Los gimoteos paternos eran amplificados por el viento: trágicas hondas que rebotaban hasta morir en el infinito sónico. La madre, en silencio, estaba situada en el centro de la comitiva, a modo de muro maestro. Bruz, ajeno a lo que se desarrollaba a su alrededor, sentado en el suelo, acariciaba las paredes exteriores del iglú. Acercó su oído al frío elemento, quería percibir las vibraciones de la escena, buscar la cadencia del drama filtrada por la naturaleza esencial del hielo. Los cronistas, en cambio, dirían que hacía el imbécil, algo, por otra parte, muy propio de él.

-Y pensar que os lo dimos todo, os cedimos el mejor lugar de nuestro glof, alimentos, amor, escuela, reprochó la madre, seria, fría como la tundra que los envolvía hasta el más allá de los mapas.

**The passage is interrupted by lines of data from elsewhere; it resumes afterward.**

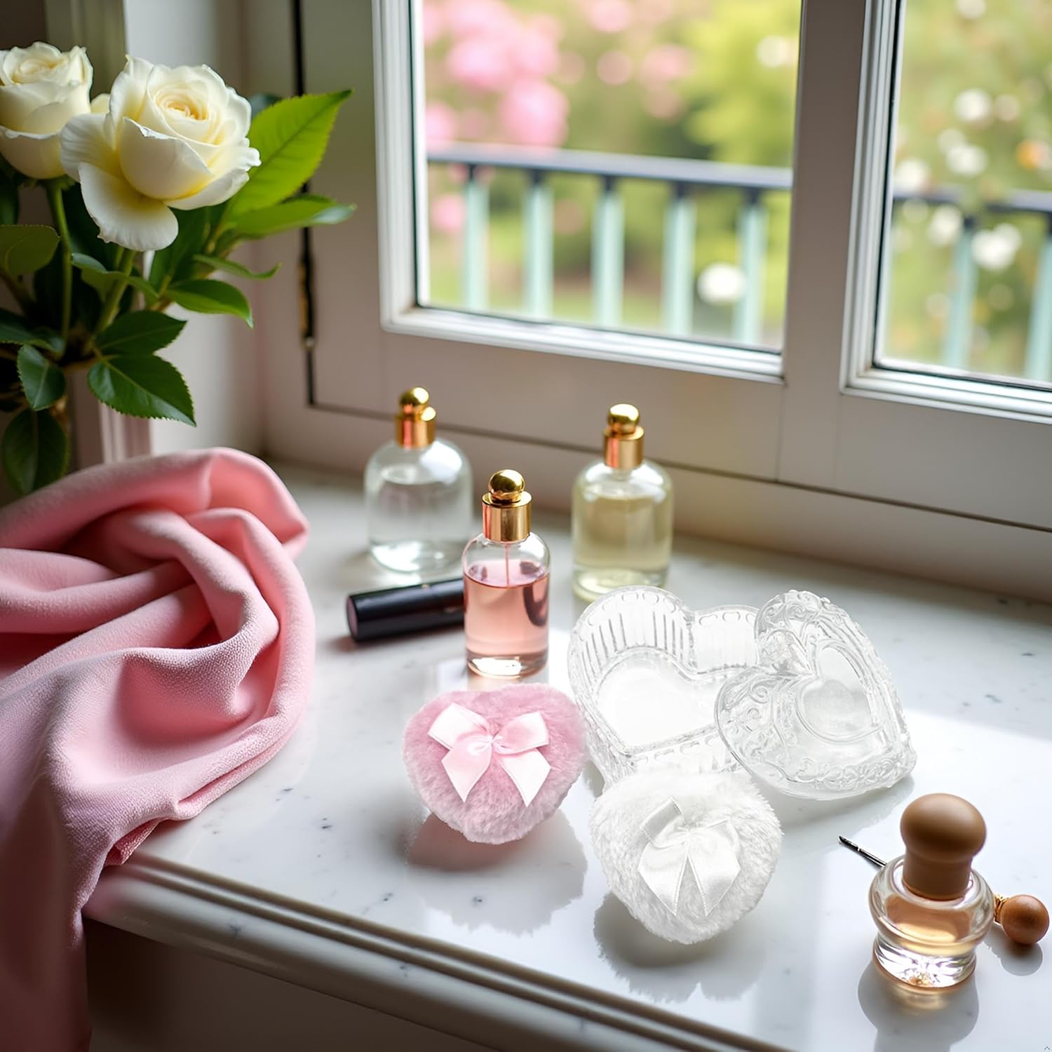 - PACKAGE INCLUDES 1 x Heart Shaped Glass Powder Puff Box with Reusable White and One Pink Puff Transparent glass material with heart shaped design, both aesthetics and ritual, suitable for gifts or makeup table decorations. The tassel is soft and reusable, can be used wet and dry
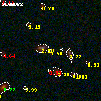 Object #952 x,y = (4654, 4070) RA, Dec = (01:02:50.592, -49:15:17.64) = (15.71080, -49.25490) BPZ = 1.557 [0.219--3.173] type = 10.20 (SB3_B10 - SB11_A_0_l) chisq2 = 0.87 ODDS = 0.12 z_cluster = 0.870
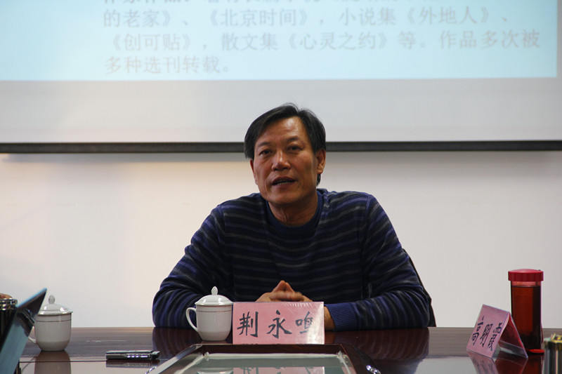 本次讲座特别邀请了北京市作协合同制作家,中国作家协会会员荆永鸣先生担任主讲来为学员们讲授。讲座由高明霞教授主持,副院长吴栓虎和全体学员聆听了讲座.

– Lo sé mamá, pero tienes que comprendernos, necesitamos espacio… respondió dulcemente Zigäbel. Su voz se extendió sobre las crines de un alocado eco.

Bruz seguía acariciando el iglú con sus aletas, como si presintiera que pudieran llevárselo lejos de allí, obligarle a abandonar a su sobrino.

– ¿Y el subnormal se quedará con vosotros?, preguntó la madre.

Los dos padres seguían colgados de sus hombros (“el subnor… el subnor…” sollozaban).

– Mi tío estará con nosotros hasta la próxima primavera, nos ha ayudado mucho con el iglú y es buen cazador, dijo secamente Gugdôbel.

– No nos molestará- se apresuró a añadir Zigäbel- es medio tonto.

– Tonto e inútil. Hija mía, nadie pensó en este futuro. ¡Las runas hablaban de un hombre rico! ¡Mira a tus padres! ¡Crees que merecen esto! ¡Te han dado el pecho, la sangre, el sudor y hasta el pelo!-dijo acariciando el cráneo de uno de los esposos-. Llorones, regresamos a casa, dejemos aquí a esta ingrata. La abuela tuvo que apoyarla en todo, ¡cómo si no tuviera bastante con atender a sus ocho maridos! ¡Esto no es una parroquia! ¡Esto es una mierda!

Silencio tétrico. Sólo el viento enviaba presagios.

-¡Que la diosa Xarxa te infrinja castigo en la noche nupcial, antes de la llegada de la aurora! ¡Mal hija!

Le hubiera encantado que en aquel instante un rayo hubiese azotado al cielo en las mismas ingles. Pero no fue así. Así que, sin previo aviso, la madre escupió en el ojo de uno de sus maridos. No fue por sadismo, no piensen mal, sino para que, a falta de rayo, surtiera efecto el sortilegio; aunque nadie obvió que disfrutara al hacerlo, como mandan los jocosos ritos hiperbóreos. El que recibió la gracia, como era de esperar, lanzó el tradicional gemido de confirmación: ¡ahhhrrga!

La comitiva familiar dio media vuelta al unísono marcial de un grito materno. Los padres, a pesar del escupitajo, seguían arrimados a los hombros de la matrona. Caminaban lentamente, y lanzaban postreras miradas atrás. Sus ojos encharcados emitían SOS como el culo luciérnagas al ser violadas. ¡Adios Zigäbel!, repitió varias veces, a modo de mantra, el padre tuerto. SOS. Luciérnaga, violación.